The Evolution of Consumer Behaviour
The consumer journey is no longer linear. With the rise of digital and omnichannel experiences, shopping behaviours are more fragmented than ever. Some key shifts and observations around customer journeys include:
Fluid Purchase Lifecycles: The traditional funnel of discovery, engagement, and purchase is being replaced by non-linear, ongoing connections. Influencers and social media play a critical role, with nearly half of social media users relying on influencers during their purchase journey. This shift means brands must engage customers across multiple touchpoints, maintain continuous interaction, and leverage data to personalize experiences.
Immediate Conversions: 12% of consumers report making an instant purchase after discovering products via influencers, meaning that brands must adopt digital-first strategies, align their marketing efforts with evolving consumer behaviours, and be ready for immediate conversions.
These behaviours underline the importance of integrating advertising with commerce to meet consumers at their specific moment of need.
Canadian Retail Media Networks: An Era of Extreme Growth is Forecasted
Retail Media Networks (RMNs) are revolutionizing the advertising industry by allowing brands to leverage first-party shopper data. This shift enables brands to enhance media effectiveness by closing the gap between advertising and commerce, offering opportunities for more integrated planning and seamless execution. As a result, investments in RMNs are growing rapidly, with $1 out of every $7 spent on Canadian media now allocated to these networks. RMN spending in Canada is projected to increase by 353% by 2028, reaching a total of $6.85 billion, highlighting the growing importance and potential of this advertising model.
Shoppable Advertising: Innovating Consumer Experiences
Shoppable ads are effectively bridging the gap between awareness and action by offering direct-to-purchase opportunities. Platforms like Connected TV (CTV) and social media allow consumers to make purchases without ever leaving the ad experience, streamlining the path from discovery to transaction. Additionally, interactive features such as QR codes and gamified ad formats are transforming how consumers engage with ads, making the experience more dynamic and impactful. These innovations are reshaping the advertising landscape, providing brands with powerful tools to drive immediate consumer action.
What Canadian Brands Are Looking to Achieve Via Retail Media Partners
Canadian brands are increasingly looking for retail media partners who can help bridge the gap between shopper and brand marketing efforts. Historically, the divide between these two has led to inefficiencies and fragmented consumer experiences. With the rise of connected commerce, brands now seek partners who can provide:
Holistic Planning: Creating unified media strategies that integrate retailer and consumer touchpoints for a seamless experience.

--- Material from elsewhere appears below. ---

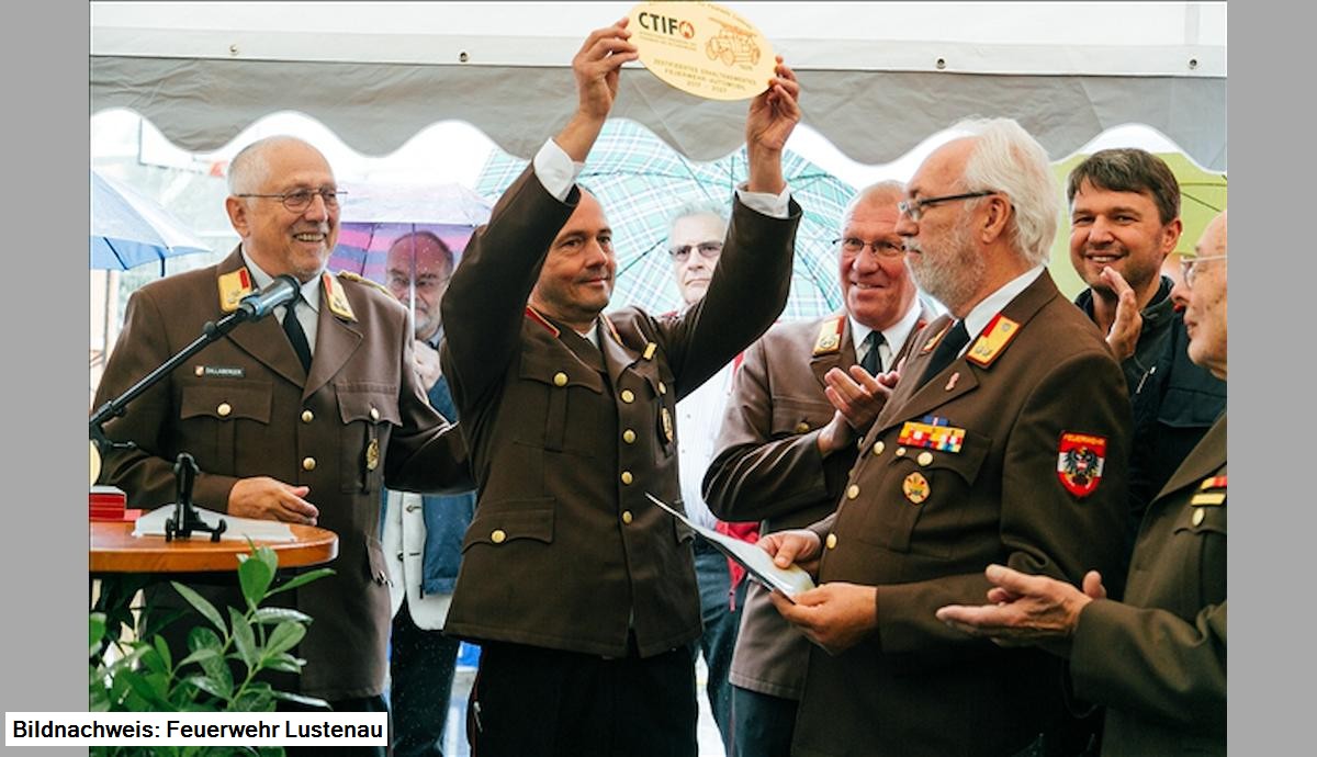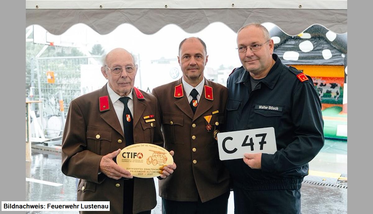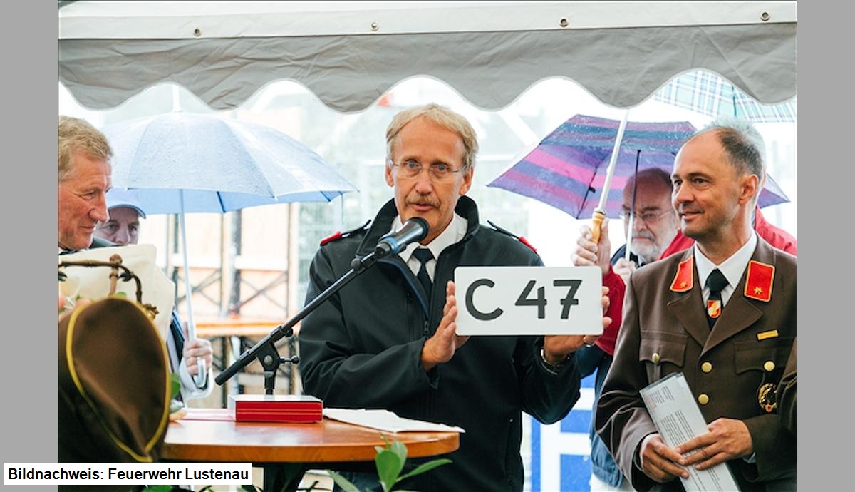 Peter Krumhaar, Feuerwehrhistoriker NÖ, lies die ersten Kontakte im November 2008 Revue passieren, gratulierte der Feuerwehr Lustenau zur vollbrachten Leistung und überreichte ein Replikat des ersten Kennzeichen "C 47" des Fahrzeuges.

Integrated Execution: Ensuring continuity across platforms and campaigns by leveraging connected creative executions.
Consolidated Measurement: Using advanced analytics to link everyday media KPIs to broader business objectives, ensuring alignment and effectiveness.
Additionally, brands are looking for partners who can go beyond traditional on-site activation and merchandizing. As younger consumers become more comfortable with commerce-enabled solutions, brands must take advantage of emerging opportunities like:
Social Commerce: Platforms that blend influencer content with direct buying options are rapidly gaining popularity.

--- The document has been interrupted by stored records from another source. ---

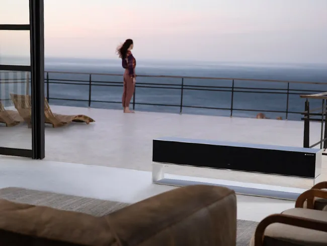 Cutia pe care stă și în care se ascunde ecranul funcţionează şi ca soundbar, Signature OLED R având sistem de sunet Dolby Atmos.
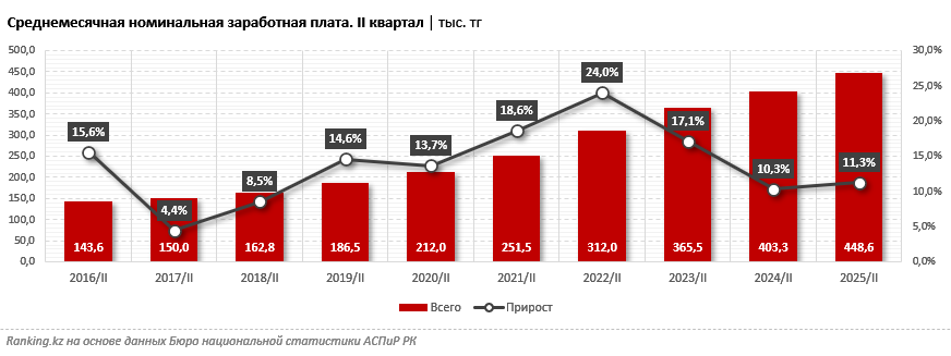 Согласно данным Бюро национальной статистики АСПиР РК, по итогам второго квартала 2025 года среднемесячная номинальная зарплата в стране составила 448,6 тыс. тг, в том числе в городской местности — 471 тыс. тг, в сельской — 381,7 тыс. тг, пишет Caravan.kz со ссылкой на Ranking.kz.
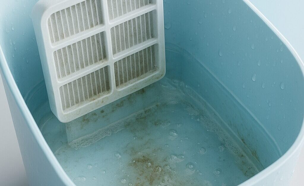 最低でも月1回はフィルターと冷却パッドを取り外し、重曹や中性洗剤で洗浄しましょう。タンクの縁や給水口など、見えにくい部分の汚れもカビの温床になります。必要に応じて、柔らかい歯ブラシや綿棒を使って細部まで洗浄します。
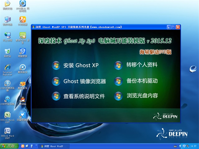 深度技术 GHOST XP SP3 电脑城万能版 V2015.12
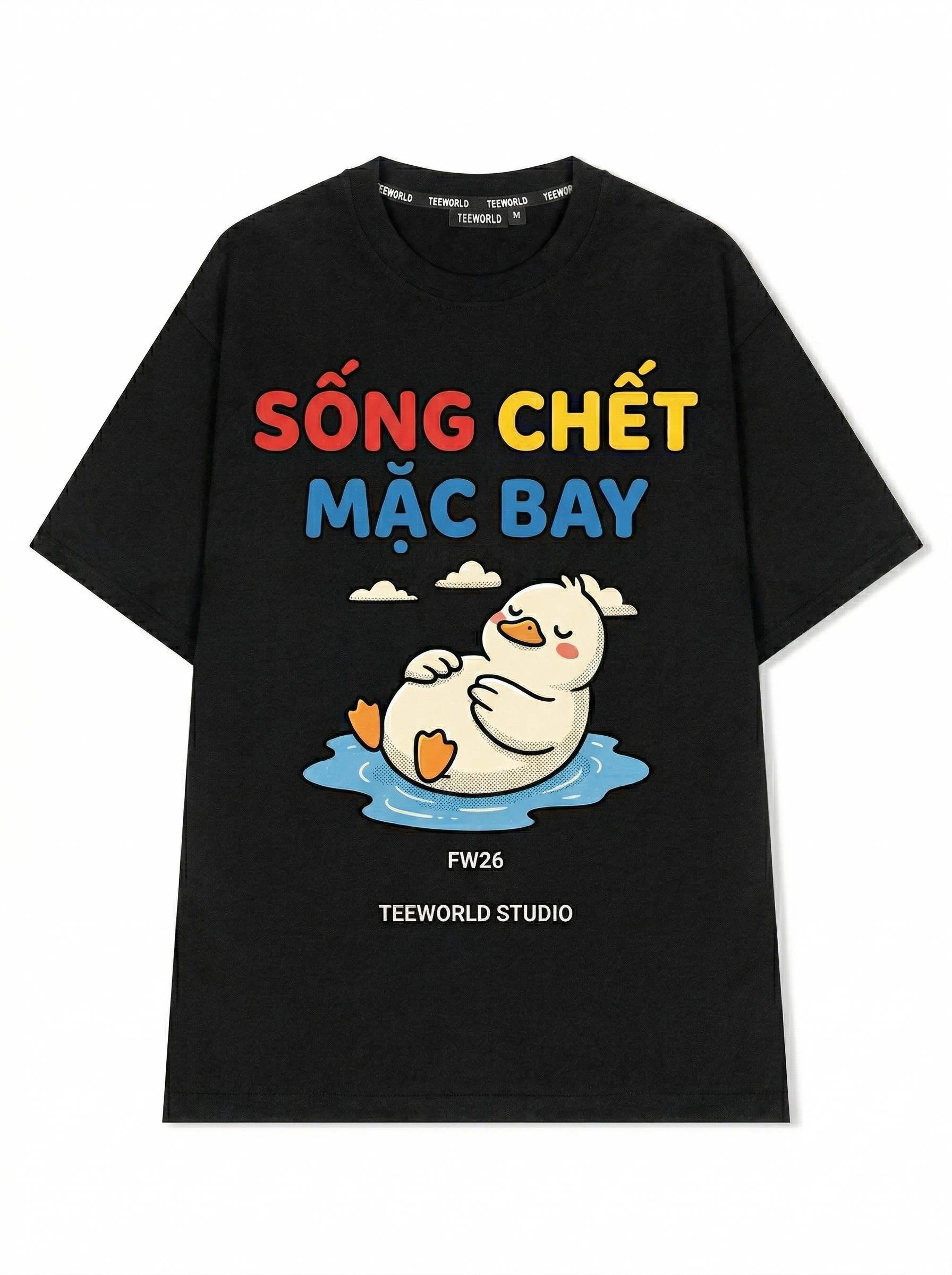 Vịt Ung Dung - Thiết kế độc quyền từ Teeworld. Chất liệu: Cotton Premium 250gsm, form oversize thoải mái. In ấn: Công nghệ in sắc nét, bền màu sau nhiều lần giặt. Phong cách: Streetwear hiện đại, dễ phối đồ.

Connected TV Opportunities: Ads with built-in shopping features allow consumers to take immediate action, shortening the purchase cycle and enhancing the shopping experience.
By partnering with retail media networks that offer these capabilities, brands can better meet consumer needs and drive more effective marketing outcomes.

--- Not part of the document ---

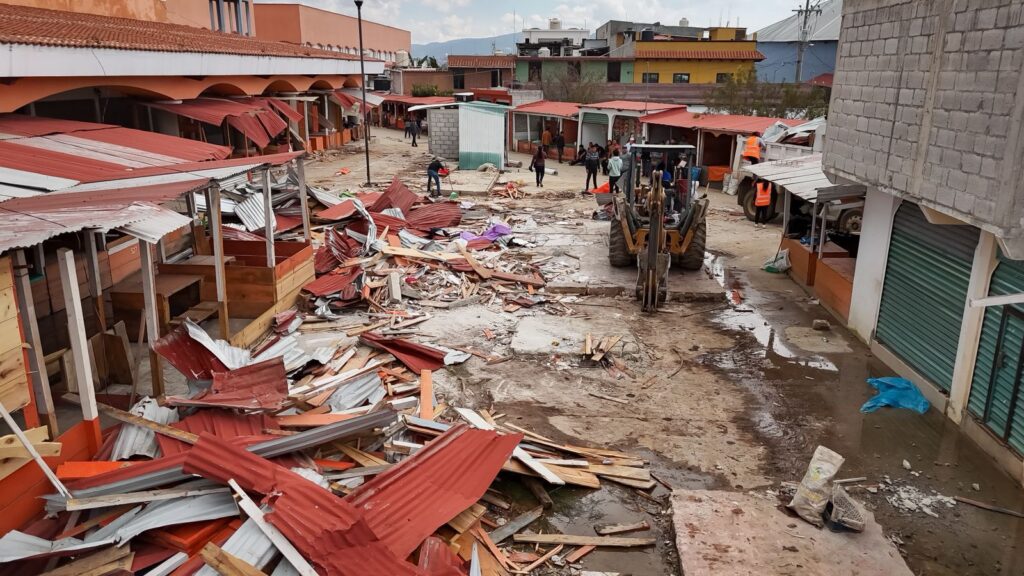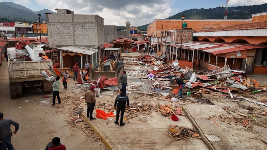 San Cristóbal de Las Casas, 28 de octubre de 2025.– En un operativo realizado con total calma y orden, el Ayuntamiento de San Cristóbal de Las Casas, a través de la administración del Mercado del Norte, llevó a cabo el retiro de puestos abandonados e instalaciones colocadas de manera ilegal en los alrededores del inmueble que eran espacio de estacionamiento y banquetas.

To evolve towards a more connected, efficient, and data-driven management, brands must transition from a disconnected approach to a connected one. Here is the distinction between these two approaches:
In a disconnected approach, brands have a limited view of consumers, fragmented teams and budgets, reactive management based on correlations, and rely on retailers as "clients" to distribute their products.
In a connected approach, they adopt a comprehensive understanding of consumers, coordinated and proactive management enabled by real-time data, causal analyses demonstrating the value of investments, and collaborate with retailers as strategic partners.
This shows that transitioning from a disconnected to a connected approach allows brands to optimize their performance, better understand their consumers, and strengthen their collaboration with retailers by leveraging robust data and coordinated strategies.
In conclusion, Canadian brands are eagerly waiting for the Canadian retail media landscape to mature. Their future marketing spends and goals are going to be connected to the space with the signals coming from retail media being a core part of their measurement frameworks. Retail partners that can take a holistic approach where both on-site and off-site formats and opportunities can be created via co-engineering will outpace the field of entrants in the Canadian space.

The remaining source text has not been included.